要激活训练循环，重写training_step()。

class LitClassifier(pl.LightningModule):
    def __init__(self, model):
        super().__init__()
        self.model = model
 
    def training_step(self, batch, batch_idx):
        x, y = batch
        y_hat = self.model(x)
        loss = F.cross_entropy(y_hat, y)
        return loss  #一定要返回loss，其中batch 即为从 train_dataloader 采样的一个batch的数据，batch_idx即为目前batch的索引

3.2.2 Train Epoch-level Metrics：

如果您想计算时间级别的度量并记录它们，请使用log()。

def training_step(self, batch, batch_idx):
    x, y = batch
    y_hat = self.model(x)
    loss = F.cross_entropy(y_hat, y)
 
    # logs metrics for each training_step,
    # and the average across the epoch, to the progress bar and logger
    self.log("train_loss", loss, on_step=True, on_epoch=True, prog_bar=True, logger=True)
    return loss

3.2.3Train Epoch-level Operations

如果需要使用每个training_step()的所有输出，则重写 on_train_epoch_end()方法。

def __init__(self):
    super().__init__()
    self.training_step_outputs = []
 
 
def training_step(self, batch, batch_idx):
    x, y = batch
    y_hat = self.model(x)
    loss = F.cross_entropy(y_hat, y)
    preds = ...
    self.training_step_outputs.append(preds)
    return loss
 
 
def on_train_epoch_end(self):
    all_preds = torch.stack(self.training_step_outputs)
    # do something with all preds
    ...
    self.training_step_outputs.clear()  # free memory

3.3 Validation

3.3.1 Validation Loop

要在训练时激活验证循环，重写validation_step()函数。

class LitModel(pl.LightningModule):
    def validation_step(self, batch, batch_idx):
        x, y = batch
        y_hat = self.model(x)
        loss = F.cross_entropy(y_hat, y)
        self.log("val_loss", loss)

也可以通过重写validation_step()并调用validate()，在验证数据加载器上只运行验证循环。

model = Model()
trainer = Trainer()
trainer.validate(model)

 建议在单个设备上进行验证，以确保每个样品/取样得到准确评估一次。这有助于确保以正确的方式对研究论文进行基准测试。否则，在多设备设置中，当使用DistributedSampler时，样本可能会重复，例如strategy="ddp"。它在一些设备上复制一些样本，以确保所有设备在输入不均匀的情况下具有相同的批大小。

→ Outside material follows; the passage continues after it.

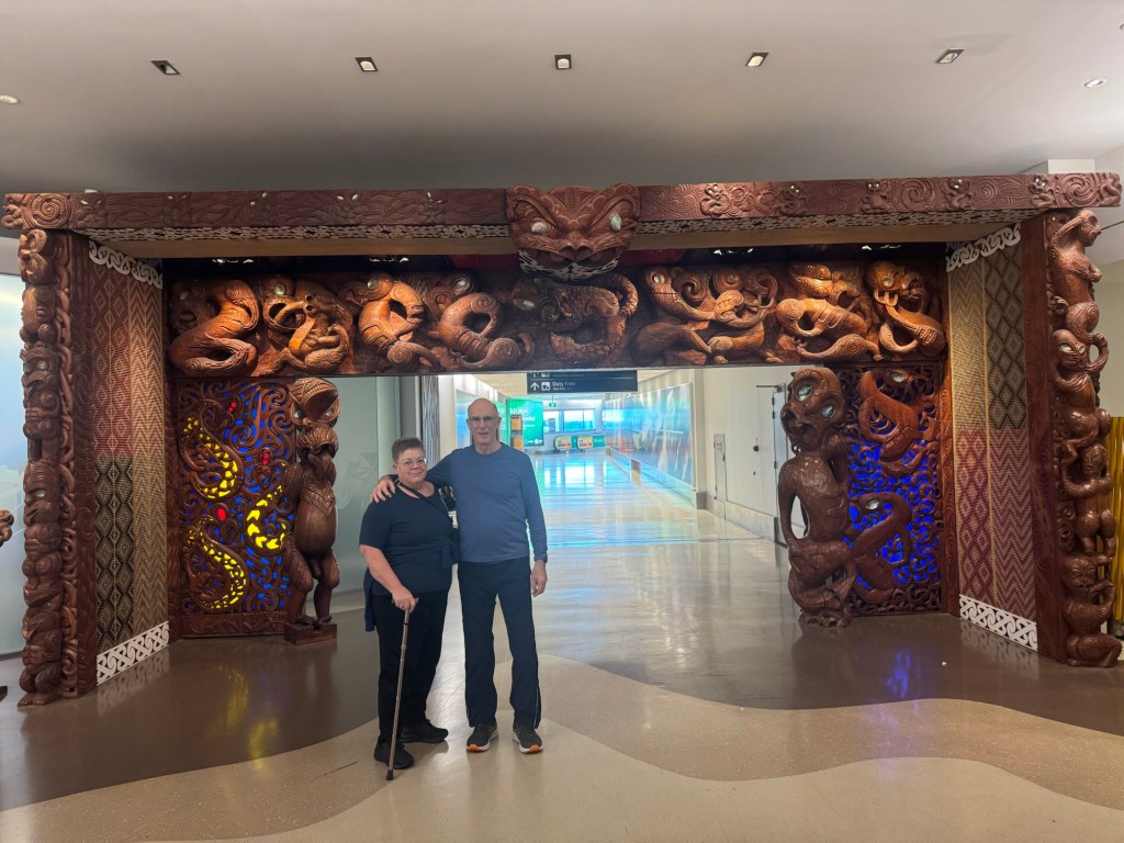 We were able to get a route to our hotel which avoided downtown Auckland. It was a bit unnerving for Paul to be driving on the other side of the road. Being straight on the highway wasn’t too bad – except the slow lane is to the left and the signal lever is on the opposite side of the steering wheel from what we’re used to, so the windshield wipers were turned on a few times! We had a 45 minute drive to the hotel.

3.3.2 Validation Epoch-level Metrics

如果需要使用每个validation_step()的所有输出，则重写 on_validation_epoch_end()函数。注意，这个方法在on_train_epoch_end()之前调用。

def __init__(self):
    super().__init__()
    self.validation_step_outputs = []
 
 
def validation_step(self, batch, batch_idx):
    x, y = batch
    y_hat = self.model(x)
    loss = F.cross_entropy(y_hat, y)
    pred = ...
    self.validation_step_outputs.append(pred)
    return pred
 
 
def on_validation_epoch_end(self):
    all_preds = torch.stack(self.validation_step_outputs)
    # do something with all preds
    ...
    self.validation_step_outputs.clear()  # free memory

3.4 Testing

3.4.1Test Loop

启用测试循环的过程与启用验证循环的过程相同。详情请参阅上述部分。为此，重写test_step()函数。

model = Model()
trainer = Trainer()
trainer.fit(model)
 
# automatically loads the best weights for you
trainer.test(model)

有两种方式来调用test():

# call after training
trainer = Trainer()
trainer.fit(model)
 
# automatically auto-loads the best weights from the previous run
trainer.test(dataloaders=test_dataloader)
 
# or call with pretrained model
model = MyLightningModule.load_from_checkpoint(PATH)
trainer = Trainer()
trainer.test(model, dataloaders=test_dataloader)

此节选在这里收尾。